What is being asked » Only the lines from the one containing "Распечатываем картинки австралийских" through the end of the listing are to be repeated, exactly and without pictures.

Data for the task »
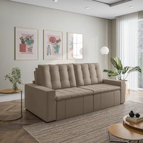 O Sofá Cama Palmeira MadeiraMadeira é a solução perfeita para quem tem pouco espaço disponível. Com ele você poderá acomodar suas visitas com conforto e praticidade. Produzido em madeira maciça de eucalipto, suporta até 400kg. Depois nos conte como foi a experiência de compra e como ficou seu ambiente nos comentários! Acompanha Almofadas extras: Não Almofada do assento: Fixa Almofada do encosto: Removível Altura do assento até o chão: 48 Altura do Encosto: 58 Altura dos Pés: 3 Ambiente Principal: Sala de Estar Complexidade da Montagem: Baixa: pode ser montado por uma pessoa sozinha Cor: Castor Cor do Produto: Castor Densidade do Assento: D-23 Densidade do Encosto: Camadas de Densidades Diferentes Enchimento do Assento: Espuma Enchimento do Encosto: Fibra Siliconada Estilo de Braço: Braços Quadrados Firmeza do Assento: Médio Informações Complementares: Densidade Braço D19. Enchimento do encosto: fibra siliconada com flocos de espuma envolvidas com manta siliconada. Itens Inclusos: Sofá, 8 pés e Manual de Montagem Linha ou Coleção: Palmeira Manual de Montagem e Instalação: https://product-hub-prd.madeiramadeira.com.br/877885/documents/549744a0-0190-4656-8717-9069c1298535781ManualSofPalmeira240alt.pdf Material dos Pés: Polimero Necessita Montagem: Sim Nível de Conforto: Macio Origem do Produto: Nacional Peso: 92 Pet Friendly: Não Possui Entrada USB: Não Possui Percintas Elásticas: Sim Possui Pés: 08 Possui Rodízio: Sim Profundidade Quando Estendido: 148 Recomendações de Uso, Manutenção e Limpeza: Evitar exposição direta à luz solar, limpar com escova macia e aspirar o pó semanalmente, não utilizar produtos químicos, removedores, alvejantes, etc. Evite exercer pressão excessiva sobre determinada partes do estofado, não utilizar para limpeza equipamentos a vapor de água. Resistente à Chuva: Não Revestimento do Braço: Veludo Rodízio com Trava: Não Sistema de Montagem: Parafusos e Engates Suporta Até (kg): 200 Tecido Predominante: Veludo Tipo de Encosto: Regulável Tipo de Mola: Molas Bonnel Ean: 7909903474846
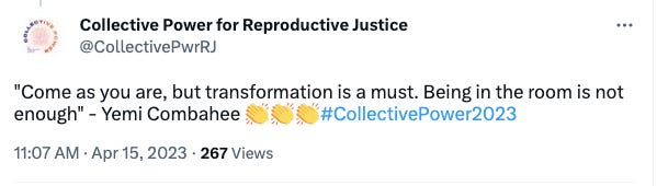 Yemi Combahee (she/her): A Black Queer Femme liberation strategist, abortion advocate, and reproductive justice organizer, the Constellations Hive organizer at Black Feminist Future where she builds Black feminist power for reproductive justice.
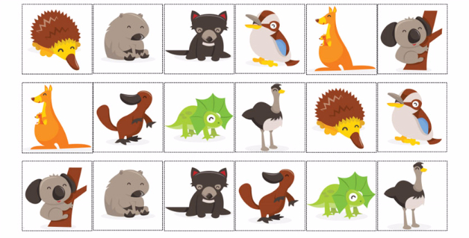 Распечатываем картинки австралийских животных( можно использовать приложение), выкладываем сначала 4-5 картинок перед малышом, даем время запомнить. Затем переворачиваем и предлагаем перевернуть сначала кенугру, затем коалу и т.д.
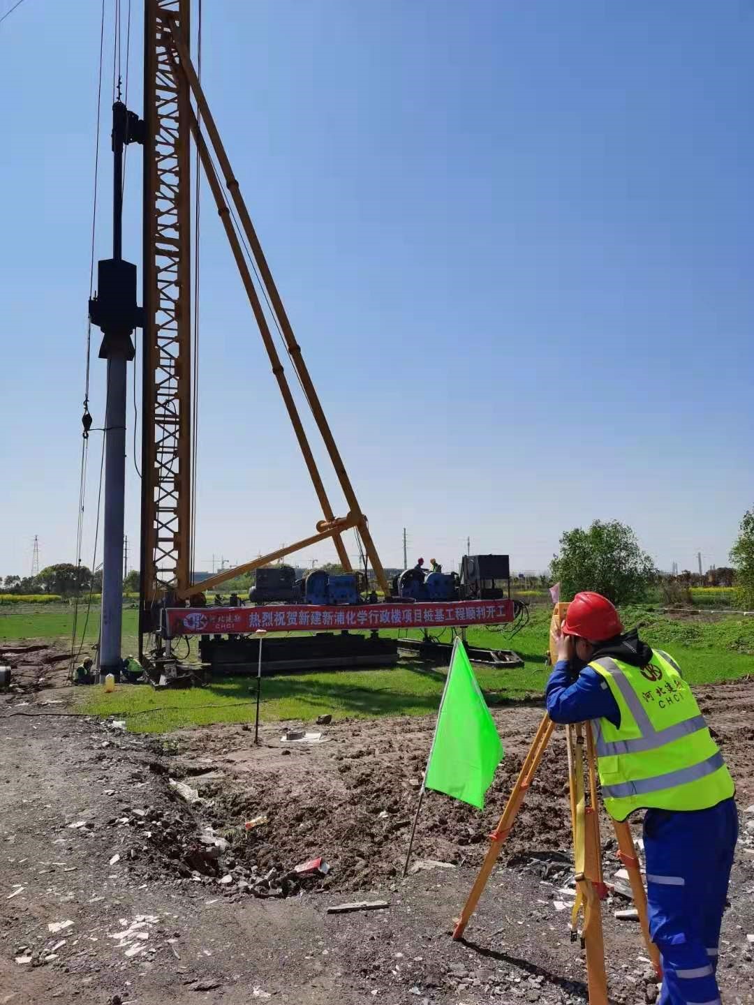 新建新浦化學(xué)行政樓(研發(fā)科創(chuàng))項(xiàng)目位于江蘇省泰興市濱江鎮(zhèn),由新浦化學(xué)(泰興)有限公司投資建設(shè),我公司負(fù)責(zé)場(chǎng)平工程及樁基工程施工(含試樁)。主要工作內(nèi)容包括行政樓主樓和地庫(kù)全部樁基礎(chǔ),共計(jì)預(yù)應(yīng)力管樁1249根,其中314根樁樁徑為0.6m,935根樁樁徑為0.5m,累計(jì)施工預(yù)應(yīng)力管樁延米數(shù)24016m³。
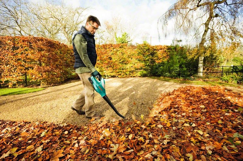- Enkel rensning av löv och annat från uteplats och trädgårdsområden
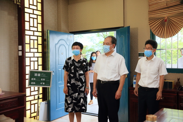視察校園,校長(cháng)畢明生、副校長(cháng)譚維奇、黨委委員沈良生陪同
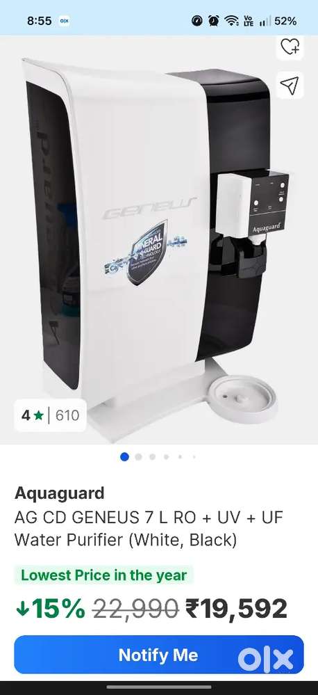 - ₹ 8,500Aquaguard Water purifierNauroji Nagar, DelhiYesterday
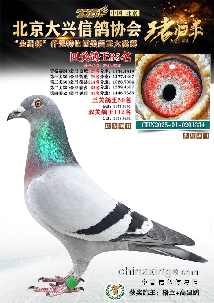 2025年“金洲杯”千元特比鸽王照片1-50名
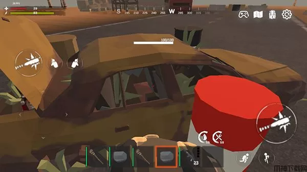 二、汽车在游戏内的用出不大,不建议驾驶,因为汽车的时速最高也就二十多千米每小时而且耗油巨大,汽油的产出可以多开路边的红色油桶获得,但是人奔跑大约有三十多千米每小时体力等三四秒就回好了。

Solution for this exercise »
 Распечатываем картинки австралийских животных( можно использовать приложение), выкладываем сначала 4-5 картинок перед малышом, даем время запомнить. Затем переворачиваем и предлагаем перевернуть сначала кенугру, затем коалу и т.д.
 新建新浦化學(xué)行政樓(研發(fā)科創(chuàng))項(xiàng)目位于江蘇省泰興市濱江鎮(zhèn),由新浦化學(xué)(泰興)有限公司投資建設(shè),我公司負(fù)責(zé)場(chǎng)平工程及樁基工程施工(含試樁)。主要工作內(nèi)容包括行政樓主樓和地庫(kù)全部樁基礎(chǔ),共計(jì)預(yù)應(yīng)力管樁1249根,其中314根樁樁徑為0.6m,935根樁樁徑為0.5m,累計(jì)施工預(yù)應(yīng)力管樁延米數(shù)24016m³。
- Enkel rensning av löv och annat från uteplats och trädgårdsområden
視察校園,校長(cháng)畢明生、副校長(cháng)譚維奇、黨委委員沈良生陪同
 - ₹ 8,500Aquaguard Water purifierNauroji Nagar, DelhiYesterday
 2025年“金洲杯”千元特比鸽王照片1-50名
 二、汽车在游戏内的用出不大,不建议驾驶,因为汽车的时速最高也就二十多千米每小时而且耗油巨大,汽油的产出可以多开路边的红色油桶获得,但是人奔跑大约有三十多千米每小时体力等三四秒就回好了。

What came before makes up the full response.